Opportunities for all as Ireland looks beyond its shores

It's beautiful, it's accessible, and it has the fastest growing economy in Europe. But how does architecture benefit from Ireland's good fortune?

The flourishing arts sector has financed world-class public buildings, the commercial sector has been bolstered by foreign investment in high-technology and service-sector industries and there is currently something of a housing boom. Fuelled by the changing lifestyles of a young population, the housing market is calling for a radical departure from the rural bungalow which has come to be taken as the stereotypical icon of domestic Irish life. Dublin's current housing shortage, for example, is exacerbated by the fact that its population is increasing by 25,000 every year. An associate architect in the Republic of Ireland earns as much as their counterpart in central London; a partner earns considerably more.

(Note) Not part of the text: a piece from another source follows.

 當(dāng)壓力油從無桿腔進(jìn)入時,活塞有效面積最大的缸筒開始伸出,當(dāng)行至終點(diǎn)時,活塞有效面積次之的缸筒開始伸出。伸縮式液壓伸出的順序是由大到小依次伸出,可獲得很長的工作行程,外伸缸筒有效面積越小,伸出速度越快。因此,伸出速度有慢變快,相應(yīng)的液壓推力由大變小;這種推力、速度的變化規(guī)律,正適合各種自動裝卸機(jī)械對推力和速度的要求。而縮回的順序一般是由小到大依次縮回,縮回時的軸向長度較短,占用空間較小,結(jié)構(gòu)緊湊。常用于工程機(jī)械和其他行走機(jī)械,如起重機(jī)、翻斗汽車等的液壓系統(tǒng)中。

Even in Northern Ireland, where salaries are lower, the economy seems to be stabilising, with new overseas investment reaching an all-time high.

But architecture is also flourishing in aesthetic and intellectual terms. The buildings in this issue reflect the aspirations of a country which is looking outward in its quest to evolve its own vernacular. The National Museum of Country Life by the Office of Public Works (page 28), like the Armagh Arts Centre by Glenn Howells Architects (AJ 22.6.00), suggests a public sector sympathetic to rigorous Modernism. Many smaller buildings show that private clients are just as open to international influences, as befits a country which has long since been accustomed to looking beyond its own shores.

Ireland boasts more than 40 airports and benefits from a close affinity to Europe, but also from strong historic links with the US, currently reinforced by significant economic ties - Ireland receives 25 per cent of all US investment in the EU. This, combined with a fertile economy, a can-do attitude and a genuine respect for the arts, is helping to nurture formidable homegrown talent, while architects from the mainland - Benson & Forsyth, Cartwright Pickard, Glenn Howells, to name a few - have discovered opportunities in Ireland which they would not have found at home.